Diabetic cardiomyopathy (DCM) increases the risk of hospitalization for heart failure (HF) and mortality in patients with diabetes mellitus. However, no specific therapy to delay the progression of DCM has been identified. Mitochondrial dysfunction, oxidative stress, inflammation, and calcium handling imbalance play a crucial role in the pathological processes of DCM, ultimately leading to cardiomyocyte apoptosis and cardiac dysfunctions. Empagliflozin, a novel glucose-lowering agent, has been confirmed to reduce the risk of hospitalization for HF in diabetic patients. Nevertheless, the molecular mechanisms by which this agent provides cardioprotection remain unclear.

AIM

To investigate the effects of empagliflozin on high glucose (HG)-induced oxidative stress and cardiomyocyte apoptosis and the underlying molecular mechanism.

METHODS

Twelve-week-old db/db mice and primary cardiomyocytes from neonatal rats stimulated with HG (30 mmol/L) were separately employed as in vivo and in vitro models. Echocardiography was used to evaluate cardiac function. Flow cytometry and TdT-mediated dUTP-biotin nick end labeling staining were used to assess apoptosis in myocardial cells. Mitochondrial function was assessed by cellular ATP levels and changes in mitochondrial membrane potential. Furthermore, intracellular reactive oxygen species production and superoxide dismutase activity were analyzed. Real-time quantitative PCR was used to analyze Bax and Bcl-2 mRNA expression. Western blot analysis was used to measure the phosphorylation of AMP-activated protein kinase (AMPK) and myosin phosphatase target subunit 1 (MYPT1), as well as the peroxisome proliferator-activated receptor-γ coactivator-1α (PGC-1α) and active caspase-3 protein levels.

RESULTS

In the in vivo experiment, db/db mice developed DCM. However, the treatment of db/db mice with empagliflozin (10 mg/kg/d) for 8 wk substantially enhanced cardiac function and significantly reduced myocardial apoptosis, accompanied by an increase in the phosphorylation of AMPK and PGC-1α protein levels, as well as a decrease in the phosphorylation of MYPT1 in the heart. In the in vitro experiment, the findings indicate that treatment of cardiomyocytes with empagliflozin (10 μM) or fasudil (FA) (a ROCK inhibitor, 100 μM) or overexpression of PGC-1α significantly attenuated HG-induced mitochondrial injury, oxidative stress, and cardiomyocyte apoptosis. However, the above effects were partly reversed by the addition of compound C (CC). In cells exposed to HG, empagliflozin treatment increased the protein levels of p-AMPK and PGC-1α protein while decreasing phosphorylated MYPT1 levels, and these changes were mitigated by the addition of CC. Adding FA and overexpressing PGC-1α in cells exposed to HG substantially increased PGC-1α protein levels.
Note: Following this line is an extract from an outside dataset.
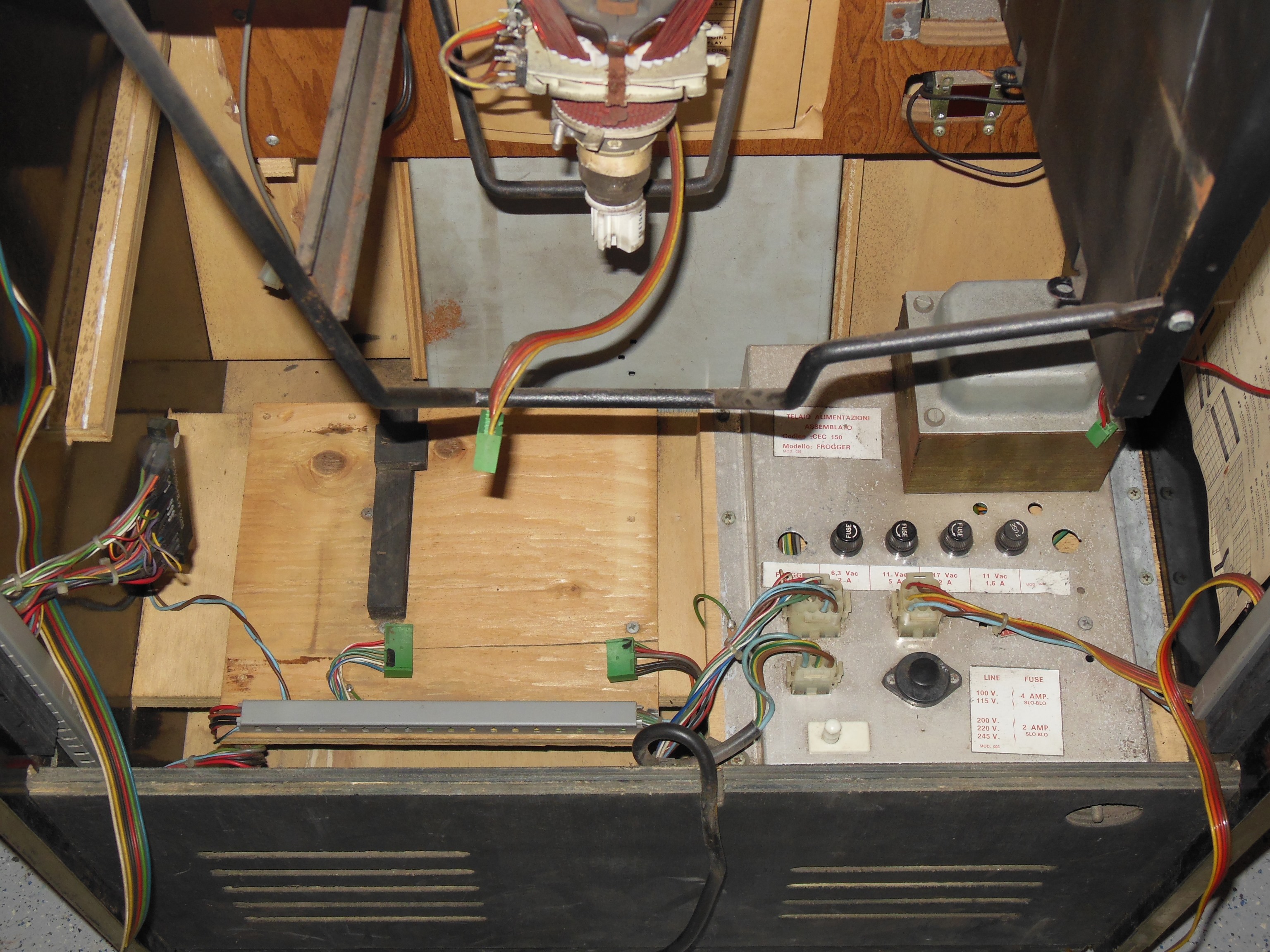 The power supply assemblies looked complete and original but very dusty. The power transformer block was labeled CEC-150 & Frogger. Comparing with Super Cobra CEC-137, one difference was that CEC-150 has a 5A 11 VAC fuse and CEC-137 a 4A 11 VAC fuse.

In addition, no sodium-glucose cotransporter (SGLT)2 protein expression was detected in cardiomyocytes.

CONCLUSION

Empagliflozin partially achieves anti-oxidative stress and anti-apoptotic effects on cardiomyocytes under HG conditions by activating AMPK/PGC-1α and suppressing of the RhoA/ROCK pathway independent of SGLT2.
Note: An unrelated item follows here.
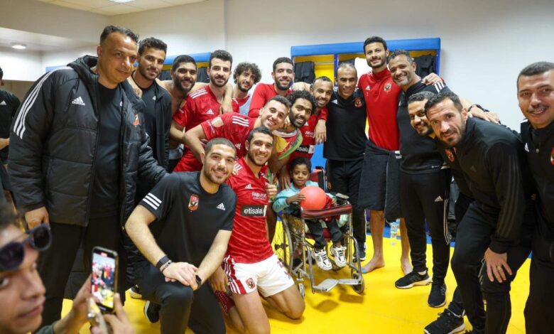 بالفيديو:لاعبو الأهلي يلبون طلب طفل من ذوي الهمم للتصوير معهم

Keywords: Empagliflozin; Diabetic cardiomyopathy; AMPK; ROCK; Apoptosis; Oxidative stress

Core Tip: We established a diabetic cardiomyopathy model in db/db mice and treated the mice with empagliflozin for 8 wk, and found that empagliflozin observably improved cardiac function in diabetic mice, which was maybe related to activation of AMP-activated protein kinase (AMPK)/peroxisome proliferator-activated receptor-γ coactivator-1α (PGC-1α) and inhibition of the RhoA/ROCK pathway. In order to exclude the effects of metabolic improvement on the heart in vivo, in vitro experiment in high glucose conditions was performed. The results confirmed that the anti-oxidative stress and anti-apoptotic effects of empagliflozin on cardiomyocytes were achieved by activating AMPK/PGC-1α and inhibiting ROCK. Furthermore, the effects were independent of sodium-glucose cotransporter (SGLT)2 inhibition as no SGLT2 expression was detected on cardiomyocytes.